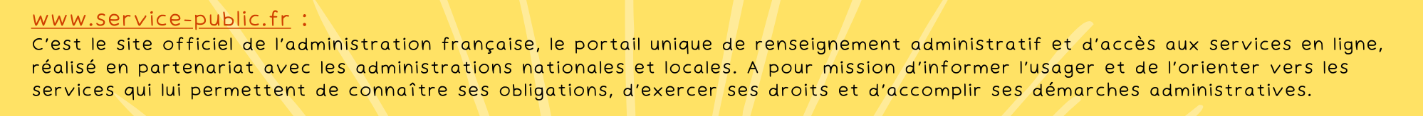 www.service-public.fr : C’est le site officiel de l’administration française, le portail unique de renseignement administratif et d’accès aux services en ligne, réalisé en partenariat avec les administrations nationales et locales. A pour mission d’informer l’usager et de l’orienter vers les services qui lui permettent de connaître ses obligations, d’exercer ses droits et d’accomplir ses démarches administratives.
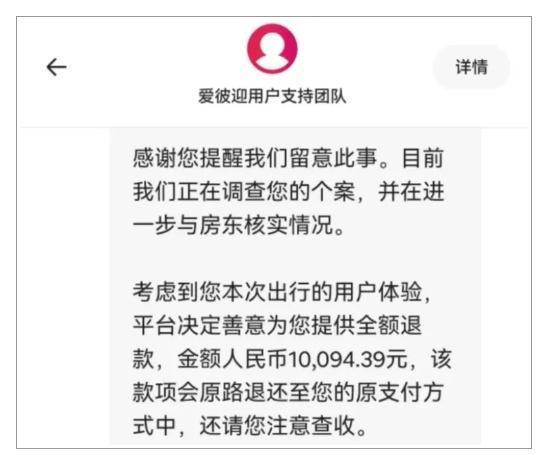 11月13日中午,流程不懈勉力,肖女士说,爱彼迎方面最终答理“善意为您提供全额退款”。
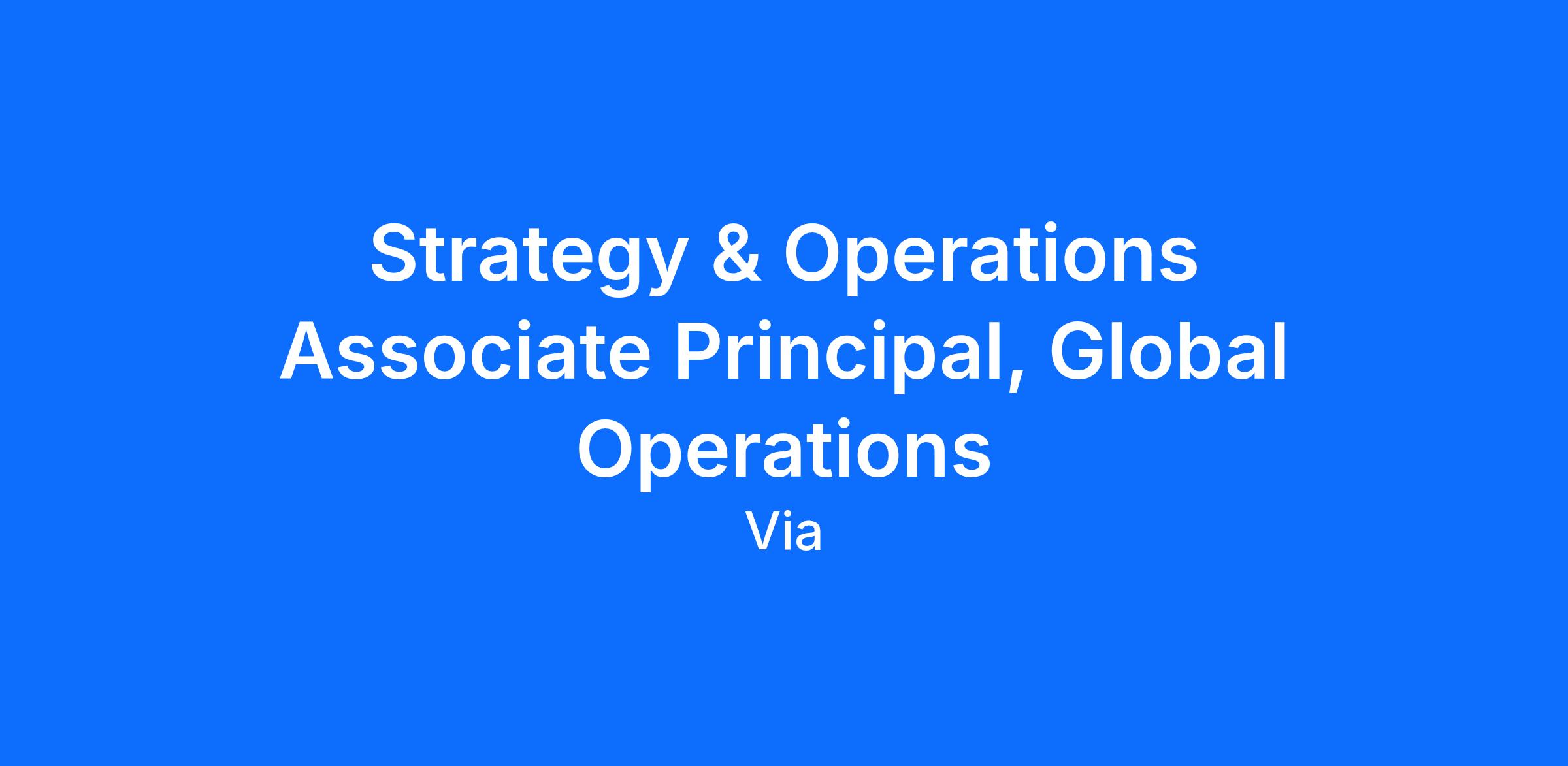 As a Strategy & Operations Associate Principal, you will join the Global Operations team and lead a diverse array of projects directly impacting Via’s operations. You will set strategy, develop partnerships, lead end-to-end projects, and own outcomes across financial and operational analyses, process improvement, new product development and launch, and more. You will work across Via’s business portfolio to drive continuous improvement and innovation in transit services around the world.
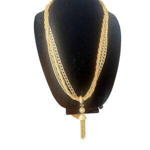 Vintage Tassel Necklace Yellow Gold Tone 18" with Enhancer and matching earrings
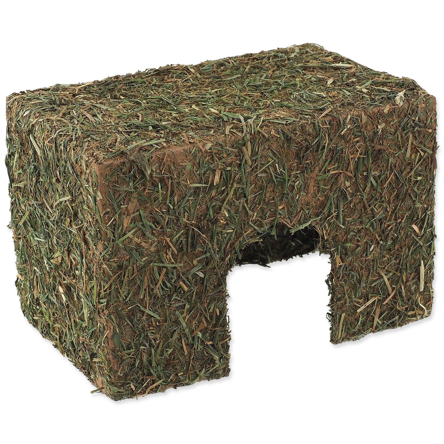Domek ze sena pro menší druhy hlodavců. Velikost: 14 x 9 x 9,5 cm.
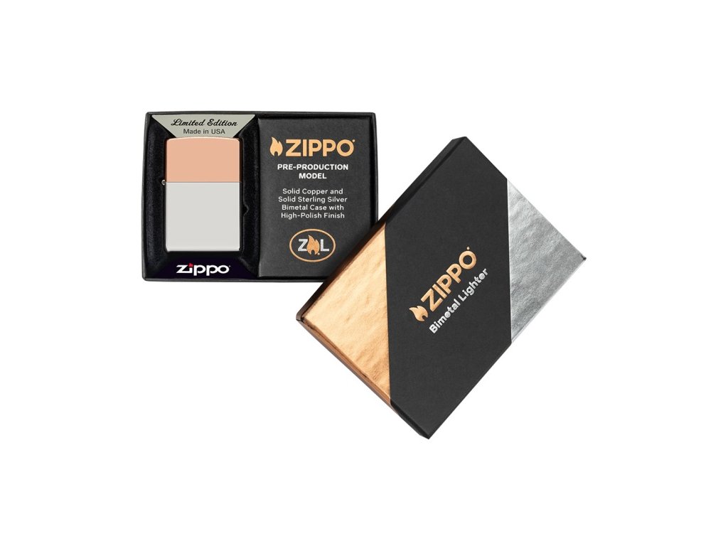Po úspechu programu Solid Copper Case spoločnosť Zippo s potešením prvýkrát predstavuje zapaľovač Bimetal Case. Tento úžasný exponát, vyrobený z masívnej medi a masívneho striebra a vyleštený do vysokého lesku, je druhým hybridným puzdrom v histórii spoločnosti Zippo - prvým bola ultra limitovaná skúšobná séria v roku 2007.
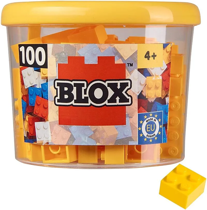 Blox 100 gelbe Steine in Dose: Mit den Blox Vierersteinen von Simba Toys lassen sich die tollsten Bauwerke und Fantasieobjekte kreieren. Der Kreativität der kleinen Baumeister sind hier keine Grenzen gesetzt. In jeder Dose sind 100 Steine enthalten, die sich n...
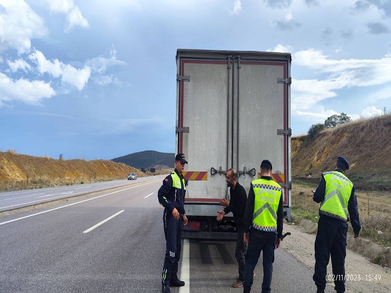 Balıkesir İl Jandarma Komutanlığı Trafik Jandarmasınca, sorumluluk alanımızda bulunan karayollarında ''Yük Taşıyan Araç ve Şoförlerin'' trafik düzeni ve güvenliğinin sağlanmasına yönelik olarak trafik kural, yasaklama ve kısıtlamalarına uygun şekilde araç kullanmaya yöneltmek ve yük taşımacılığı yapan araçların/römorkların altına girmeyi önleyecek arka ve yan koruma çerçevelerinin, geceleri görünürlüğü ve fark edilmeyi arttırıcı arka işaret ve reflektör kontrollerini yapmak maksadıyla, 02 Kasım 2023 tarihinde "Yük Taşıyan Araç ve Yan Koruma Çerçevelerinin Özel Denetimi” faaliyeti icra edilmiştir.
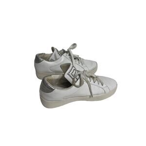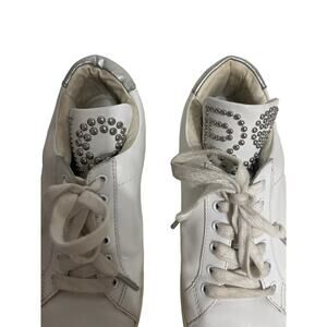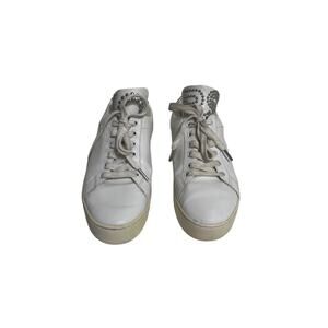 Michael Michael Kors Mindy Lace Up Leather Studded Logo White Sneakers Silver 8.5
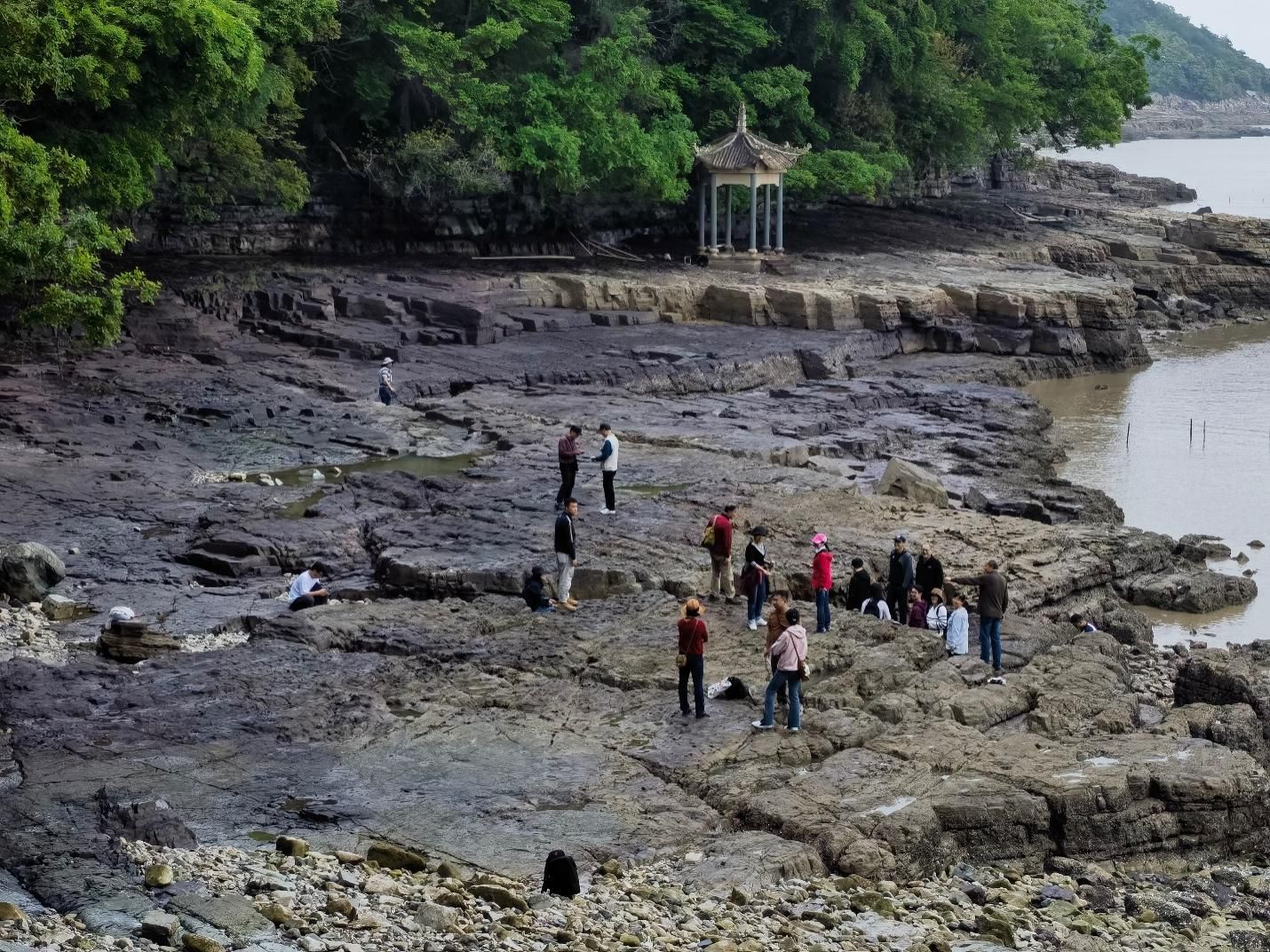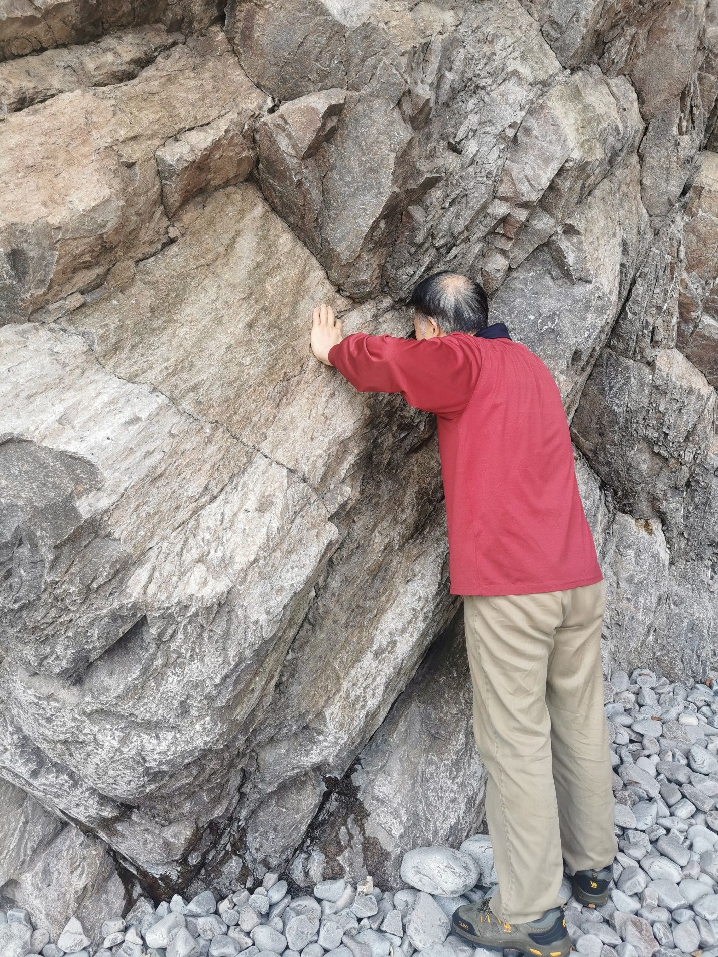 4月20日下午,老师们观察了石浦灰岩地层剖面,该剖面是地质学界长期探索的科研迷地,海相灰岩产出的独特地质环境,为深入了解海陆过渡相扇三角洲和潮坪—泻湖亚相的形成机制提供了绝佳场所。碎屑岩夹层中保存的含叠层石等礁灰岩层,更是对古生物学有着重要探索价值。
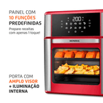 A Air Fryer Forno Mondial AFON-12L-RI une a praticidade da fritadeira a ar com a versatilidade de um forno. Perfeita para preparar refeições saudáveis e saborosas, ela assa, cozinha e frita sem necessidade de óleo.Com capacidade total de 12 litros, o modelo inclui um cesto de 5 litros e três assadeiras antiaderentes, ideais para preparar até três pratos ao mesmo tempo. O controle de temperatura e o timer de 60 minutos ajustáveis permitem elaborar receitas com mais precisão.O design funcional da fritadeira OVEN inclui ainda um painel digital com 10 funções predefinidas e visor amplo com iluminação interna, facilitando o monitoramento dos pratos. Sua alta potência e a tecnologia de circulação de ar quente proporcionam rapidez e eficiência. E o termostato inteligente reduz o consumo de energia.A Air Fryer Forno Mondial vem com luva de silicone para manusear com segurança as assadeiras quentes. Descubra como a AFON-12L-RI transforma a rotina na cozinha com praticidade e versatilidade em um único produto.2 em 1A linha de Air Fryer Mondial continua crescendo! E o modelo OVEN combina a eficiência da tecnologia da fritadeira a ar com o espaço e a funcionalidade de um forno.
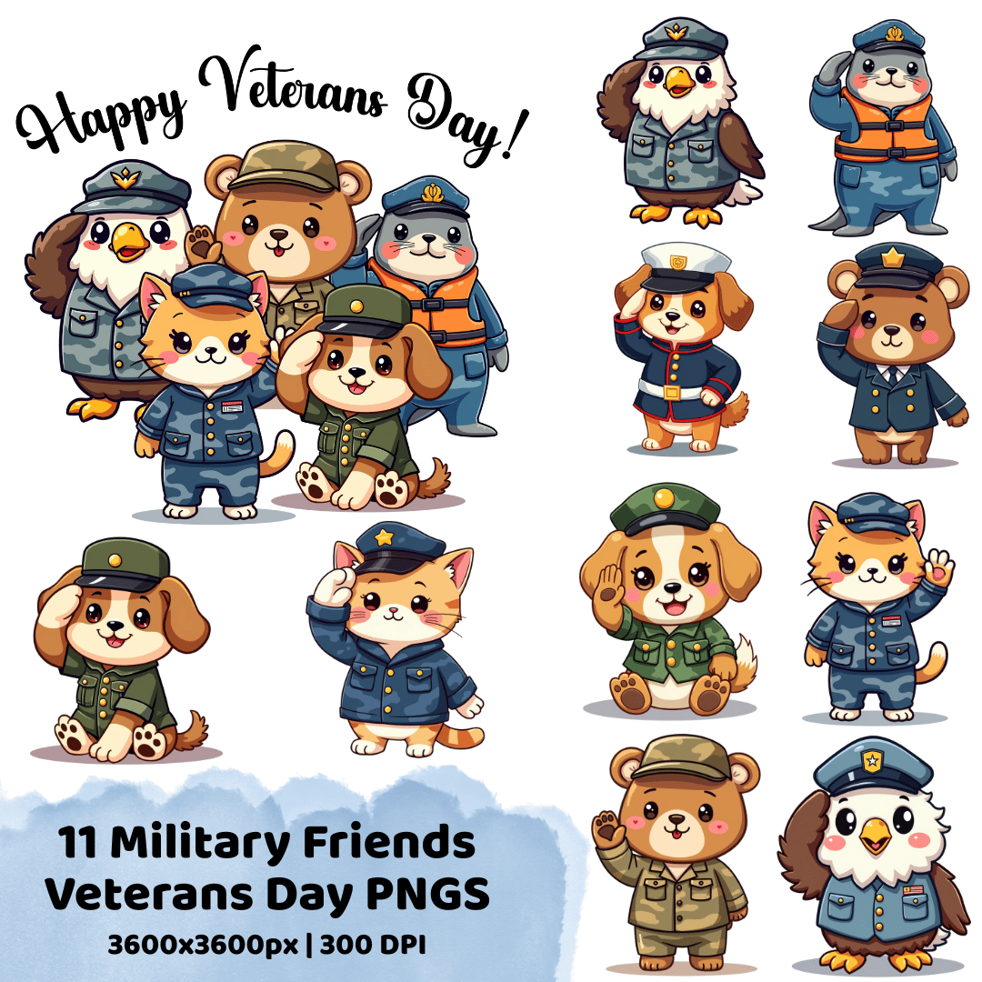 Celebrate Veterans Day with this Kawaii Military Friends Clipart Bundle. This set includes 11 high-quality PNGs (3600x3600px, 300 DPI, transparent backgrounds) featuring cute patriotic animals in military-inspired outfits — perfect for creating heartfelt projects that honor our veterans.
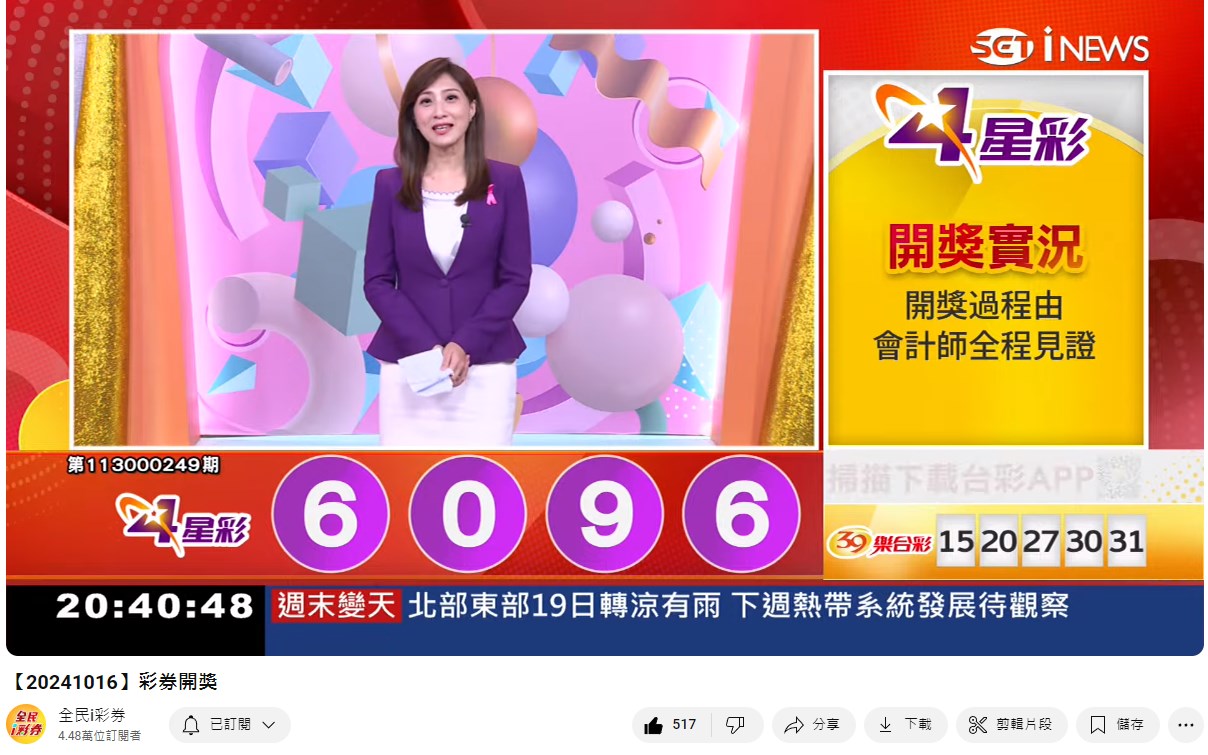 備註: 台彩因給全民兌獎方便,會在電視節目播完後,於全民i彩券YT官方頻道
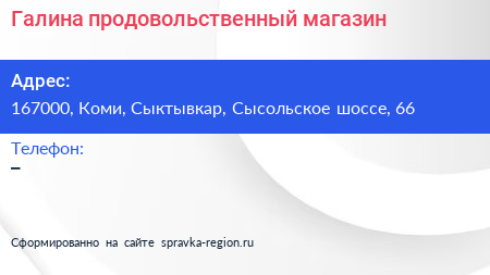 Галина, продовольственный магазин по адресу 167000, Коми, Сыктывкар, Сысольское шоссе, 66 в дальнейшем Организация, размещена в следующих категориях:
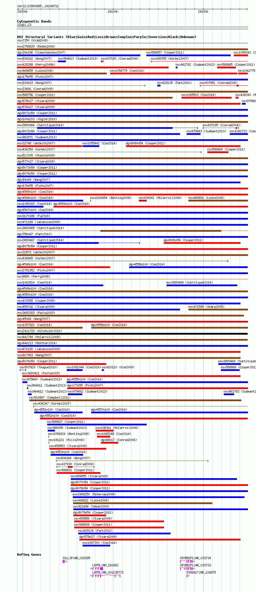 Variant DetailsVariant: nsv442794 | Internal ID | 15501513 | | Landmark | | | Location Information | | | Cytoband | 22q11.23 | | Allele length | | Assembly | Allele length | | hg38 | 254728 | | hg19 | 254728 | | hg18 | 254728 | | hg17 | 254728 |
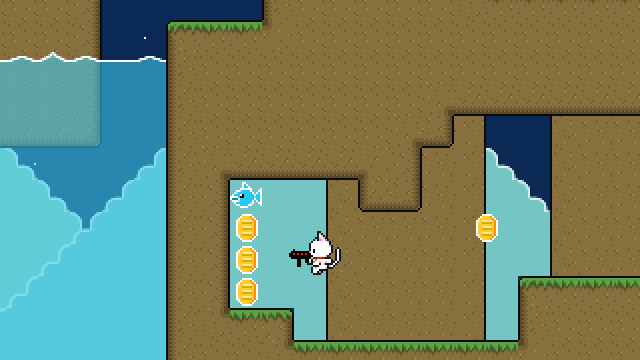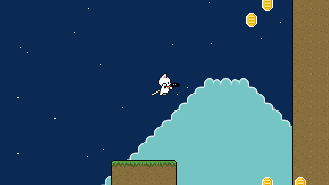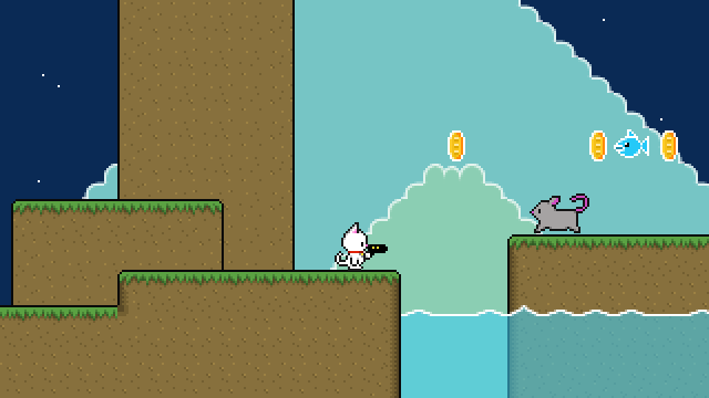 Bullet Cat was created in less than a month during July 2015. It features mostly stock graphics, sounds, and music in an excitingly generic shooty platforming game!
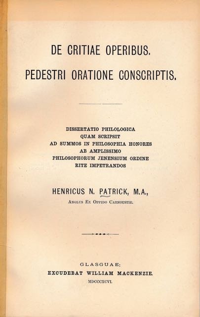 Henricus N. Patrick, M.A - De Critiae Operibus. Pedestri oratione conscriptis. Dissertatio philologica quam scripsit ad summos in philosophia honores ab amplissimo philosophorum jenensium ordine rite impetrandos
━━━━
● Exercise:
Pictures should be omitted. Please return exactly the lines from the line that holds "備註: 台彩因給全民兌獎方便,會在電視節目播完後,於全民i彩券YT官方頻道" through the end of the records.

● Final answer:
 備註: 台彩因給全民兌獎方便,會在電視節目播完後,於全民i彩券YT官方頻道
 Галина, продовольственный магазин по адресу 167000, Коми, Сыктывкар, Сысольское шоссе, 66 в дальнейшем Организация, размещена в следующих категориях:
 Variant DetailsVariant: nsv442794 | Internal ID | 15501513 | | Landmark | | | Location Information | | | Cytoband | 22q11.23 | | Allele length | | Assembly | Allele length | | hg38 | 254728 | | hg19 | 254728 | | hg18 | 254728 | | hg17 | 254728 |
 Bullet Cat was created in less than a month during July 2015. It features mostly stock graphics, sounds, and music in an excitingly generic shooty platforming game!
 Henricus N. Patrick, M.A - De Critiae Operibus. Pedestri oratione conscriptis. Dissertatio philologica quam scripsit ad summos in philosophia honores ab amplissimo philosophorum jenensium ordine rite impetrandos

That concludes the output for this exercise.